Em terceiro, Estados vizinhos igualmente deveriam estar seguros diante de um Iraque pós-Saddam.

E, por último, os mais pobres deveriam estar protegidos da fome e das privações mais extremas. No entanto, a administração Bush focou menos nos referidos objetivos e mais na ideia de que um Iraque baseado em um regime plenamente democrático e federalista deveria ser o principal objetivo a ser buscado – o que, na prática, se mostrou de difícil consecução.

Walzer também se mostrou cético com relação à aparência inicial do chamado ―processo de reconstrução do Iraque‖. Sobretudo no que dizia respeito à distribuição de contratos a companhias politicamente conectadas aos EUA. Walzer temia que a legitimidade do processo de reconstrução saísse minada após esse tipo de expediente conduzido pelo governo norte- americano. Segundo ele:

Uma ocupação justa custa dinheiro, não produz dinheiro. (...) Eles clamam levar democracia ao Iraque, e todos nós esperamos que consigam. Mas com muito mais velocidade e efetividade eles levam ao Iraque o capitalismo de compadrio que hoje prevalece em Washington. E isso mina a legitimidade da ocupação e coloca seus supostos objetivos democráticos em perigo. A distribuição de contratos às companhias norte-americanas com conexões políticas é um escândalo. Mas faria alguma diferença se a ONU estivesse distribuindo contratos a companhias politicamente conectadas à França, à Alemanha e à Rússia? Em ambos os casos, deve haver alguém regulando a conduta das companhias – não apenas suas honestidade e eficiência mas também sua disposição em empregar gradualmente administradores e técnicos iraquianos competentes, bem como em compartilhar autoridade com os mesmos. Uma agência internacional com reputada imparcialidade seria o ideal, mas mesmo reguladores norte-americanos, através de um mandato do Congresso, funcionariam melhor do que se não fosse empregada qualquer regulação. A combinação de unilateralismo com laissez-faire é uma receita para o desastre.
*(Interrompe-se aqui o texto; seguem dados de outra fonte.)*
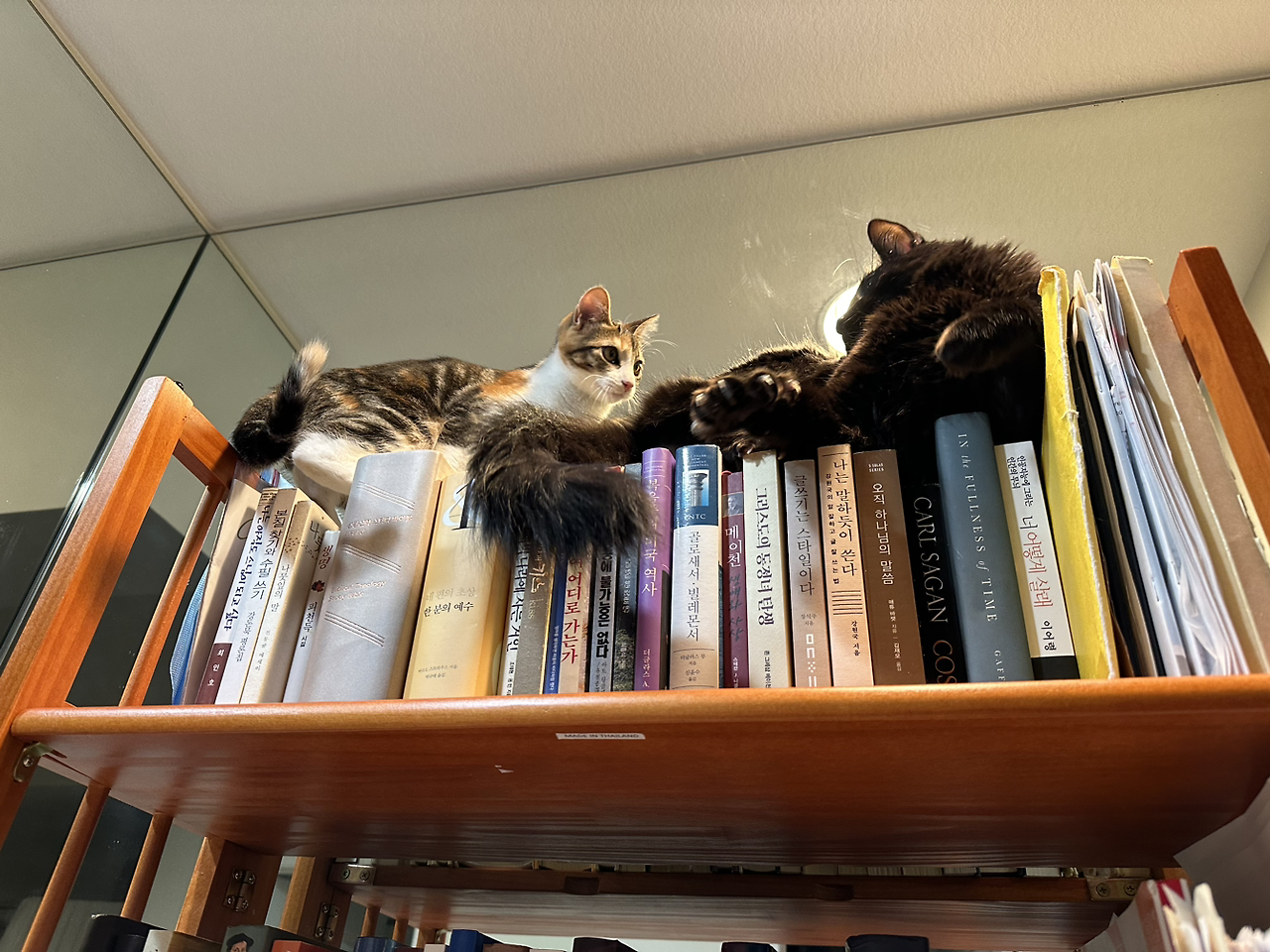 (아래 사진은 내가 공부할때마다 나를 찾아주는 나의 공부 팀멤버, 고양이 두마리이다.)
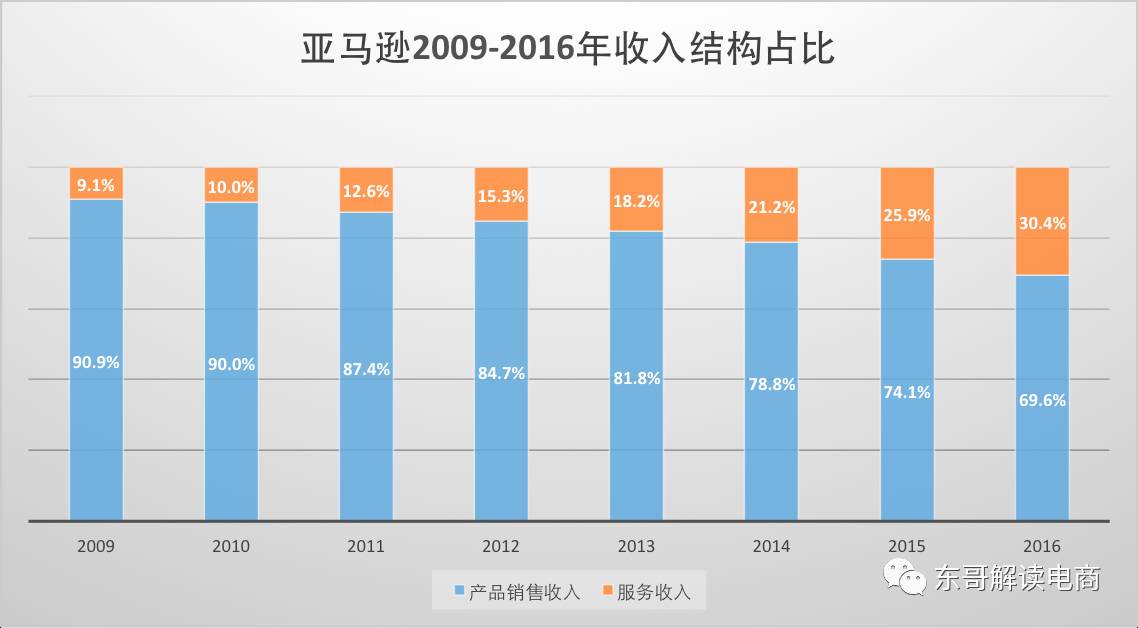 当然,开展新业务并不能迅速马上提升收入。改善毛利润率,需要三五年,甚至更长以上时间。在2011年前,亚马逊商品零售的收入占比依然高达90%。
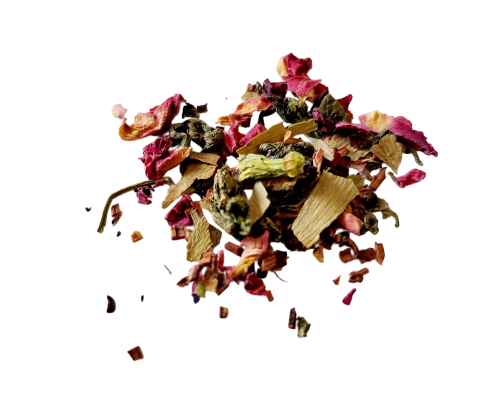 Tags: tea, tisane, honeybush, gynostemma, gingko, rose, blue pea butterfly flower, caffeine free, house blend, alchemical brotherhood
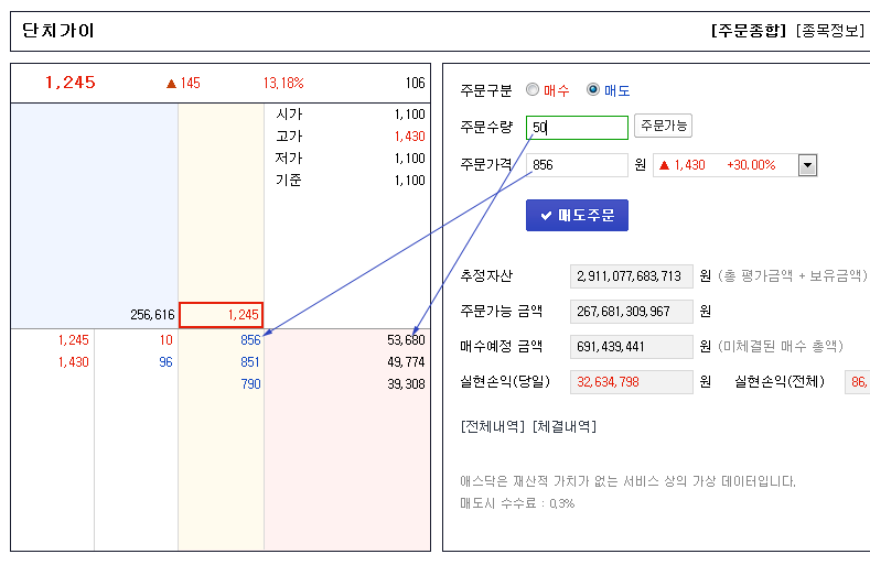 매도에 선택합니다. 50주를 1주당 856원에 팔겠다는 것입니다. 화살표가 가리킨 것처럼 사는 사람들이 있으면 즉시 체결됩니다.

O argumento central de Walzer é o de que a comunidade internacional, de um modo geral, deveria participar ativamente da reconstrução iraquiana. Ainda que a oposição frequentemente levantada por diversos países tenha sido a de que a Guerra do Iraque teria sido uma ―guerra de escolha‖, moralmente e politicamente desnecessária, Walzer argumenta que a participação de diversos agentes da comunidade internacional redundaria no benefício geral do sistema internacional. E se o benefício advindo de um Iraque democrático e estável (ainda que relativamente democrático e relativamente estável) seria compartilhado por diversos Estados, por que não haver um comprometimento ativo e efetivo dos referidos Estados? Essa é a indagação feita por Walzer. Segundo ele, aliás, um antídoto efetivo contra o comportamento unilateral norte-americano no Iraque teria sido o comprometimento dos países integrantes da União Européia, no processo de reconstrução do pós-guerra. Todavia, segundo Walzer, o futuro iraquiano dependia de um equilíbrio particularmente frágil. Se por um lado a União Européia gostaria de compartilhar autoridade sem compartilhar responsabilidade, os EUA gostariam de compartilhar custos sem compartilhar autoridade. Algo politicamente insustentável, portanto.